September 7, 2013.
Lawmakers have passed a bill to ban manual scavenging; the clearing of human waste from toilets, by workers known as the "ultimate untouchables".
Already illegal under a largely ineffective 1993 law, the Congress-led government promised to have another go at stamping out the practice with the new legislation, which was cleared late Friday.
The new legislation modifies the 1993 law that criminalised the scavengers who clean out primitive toilets by hand, collect the faecal matter in baskets and take it away in handcarts to dump elsewhere. "This dehumanising practice (of manual scavenging) is inconsistent with the right to live with dignity," social justice minister Kumari Selja said after passage of the bill.
The measure, passed by the decision-making lower house of parliament, aims to outlaw employment of manual scavengers and provide retraining and help for their families, Selja said.
"We want to remove the stigma and blot on the society," the minister said.

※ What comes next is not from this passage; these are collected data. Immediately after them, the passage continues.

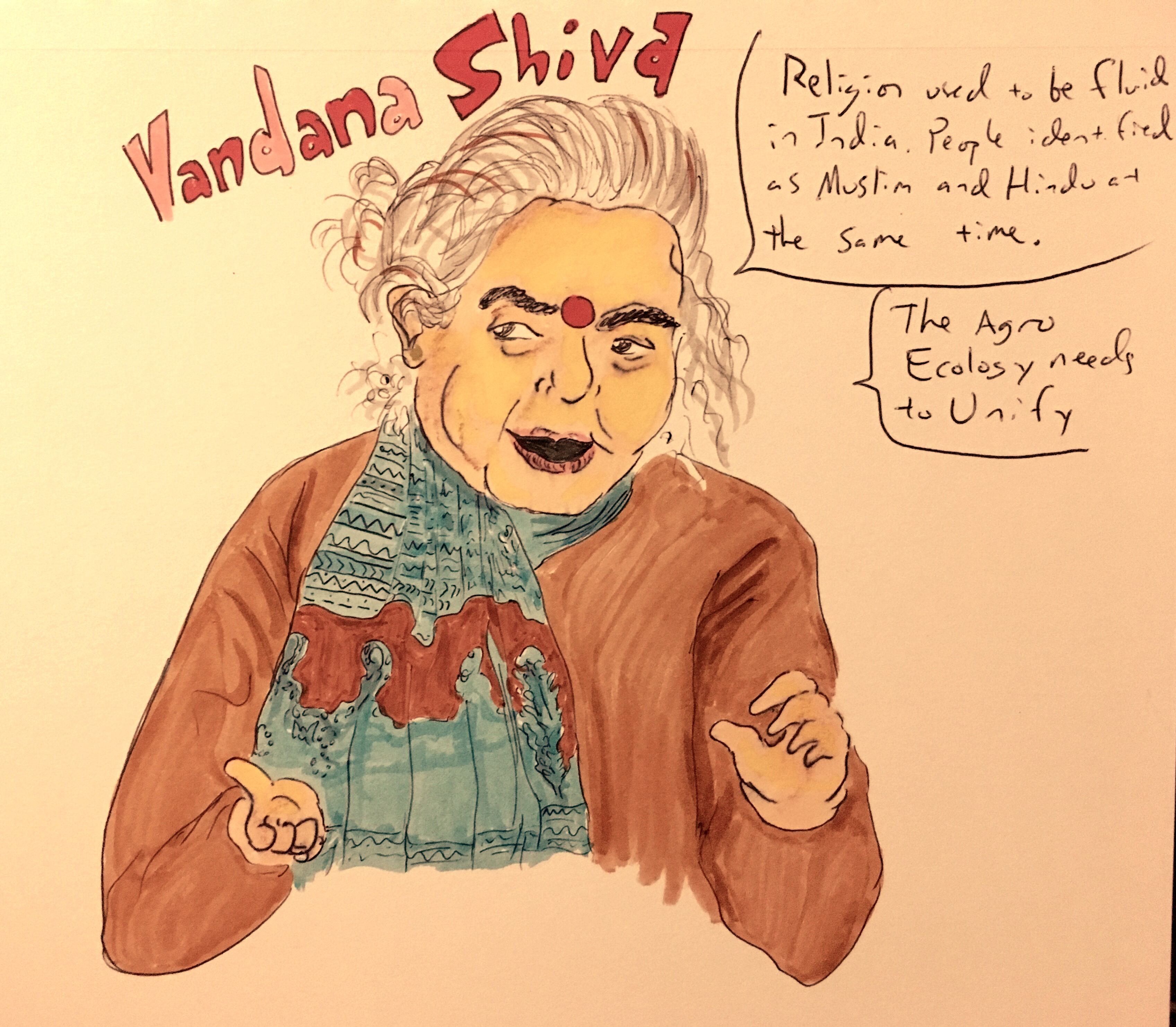 Vendana Shiva is a controversial figure. Her stance against GMOs has received a lot of criticism but I appreciated some of the things she said, such that we could boycott Coke a Cola to send a message! The corporations are merging, giving us fewer targets to oppose! Her scarf looked totally cool and was a fun challenge to draw.
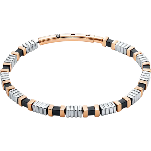 Браслет из серебра с ониксами и перламутром Ø 10 мм
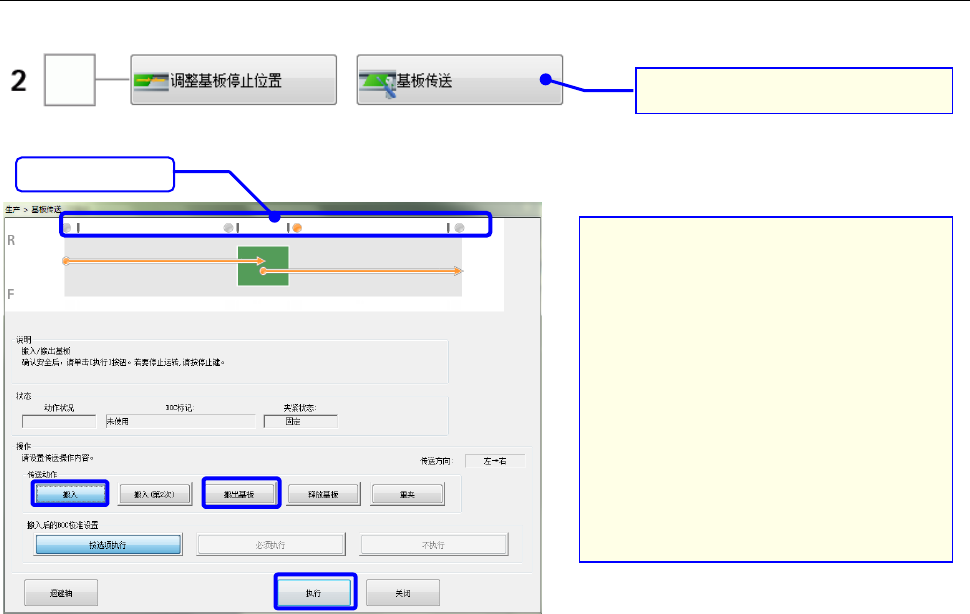 操作手册 I 3- 12 Step5 - 2 在基板搬送画面 上执行基板 搬入。 请确认是否保持 与生产时的动作 同步传送 基板,传送动作 是否有问题。 2 . 把基板安装在 IN 端的基板检测 传 感器反映位置上 。 ①确认搬入 选择 [ 搬入 ]-[ 执行 ] 后, 基板即可搬 入。 ②确认搬出 选择「搬出基板 」 - 「执行」 后,基 板即 可搬出 。 1. 按下「基板搬 送」按钮 。 基板检出 传感器 ① ②
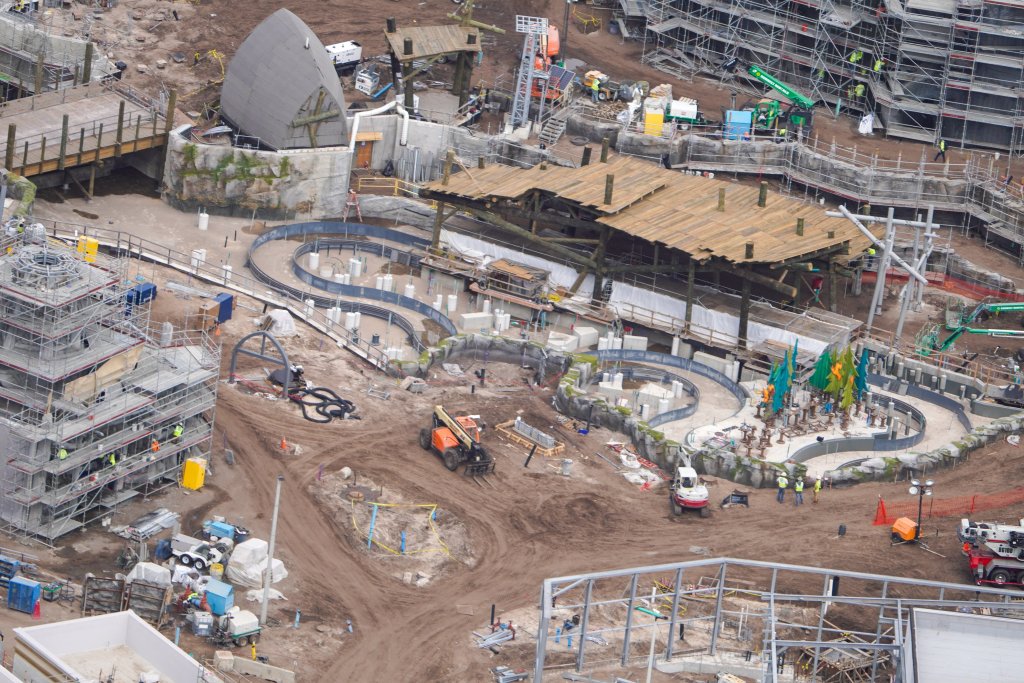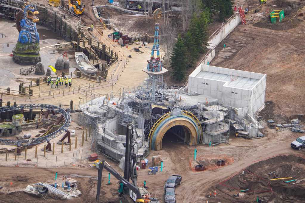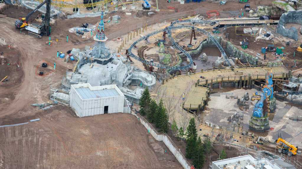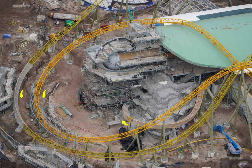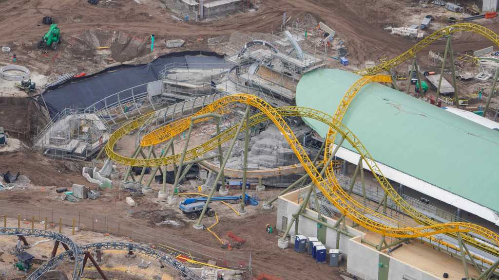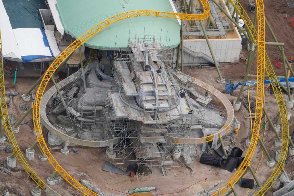 - Image #40: Aerial look at rockwork in progress at front of the Epic Universe dual-racing roller coaster. Trains circle the rock work as they descend from the station to the first launch. Trains also circle in front to reach the second launch.
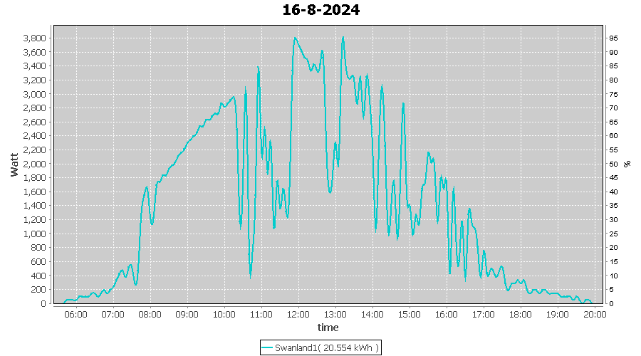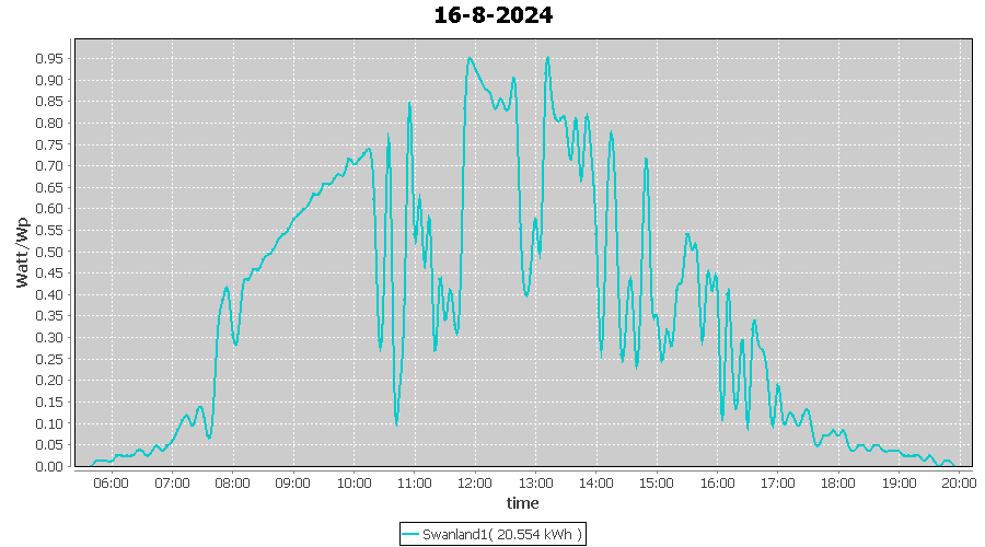 | 16-8-2024 | kWh | W/Wp | 20.554 | 4000 | 5.1 | 9.506 | £ 19.88 | 4.9 | |
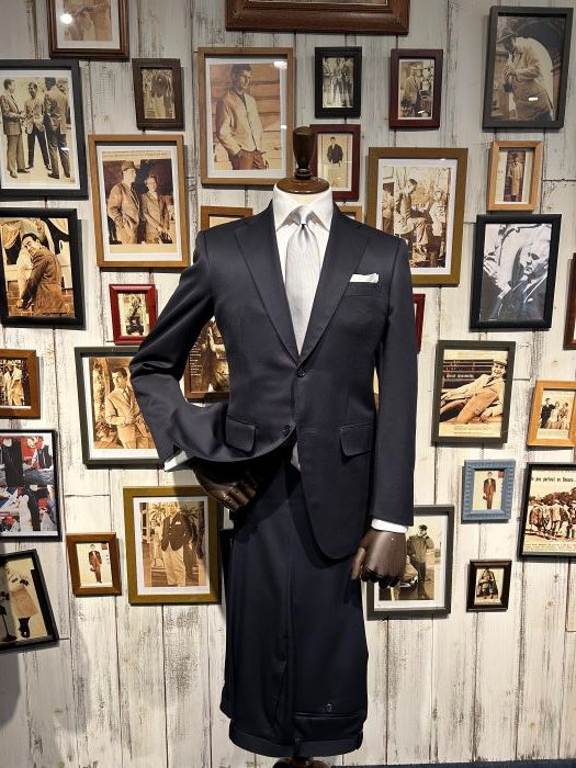上質な国産生地で仕立てたネイビースーツのサンプルです。

Selja called for a "change of mindset" to end discrimination against scavengers, who are treated as pariahs even by others at the bottom of Hinduism's hereditary caste hierarchy.
The measure prohibits construction of non-flushing toilets that must be emptied by hand and sets out a one-year jail term or a fine of up to 50 000 rupees – or both – for anyone employing a manual scavenger. It also requires authorities to monitor implementation of the law and contains tough sanctions for municipalities employing sewer cleaners without protective gear.
Workers stripped down to their underpants and equipped with just a hoe and a wooden bar can still routinely be seen clambering into the stinky depths of septic tanks and sewers. Manual scavenging points to a lack of sufficient investment in modern sewerage systems by a government that struggles to provide basic services, social activists say.
A 2011 survey by the Central Pollution Control Board showed that 160 out of nearly 8 000 towns had sewerage systems and sewage treatment plants. More than 600-million Indians lack even primitive toilet facilities and practise what is known as "open defecation" in roadways, ditches and fields.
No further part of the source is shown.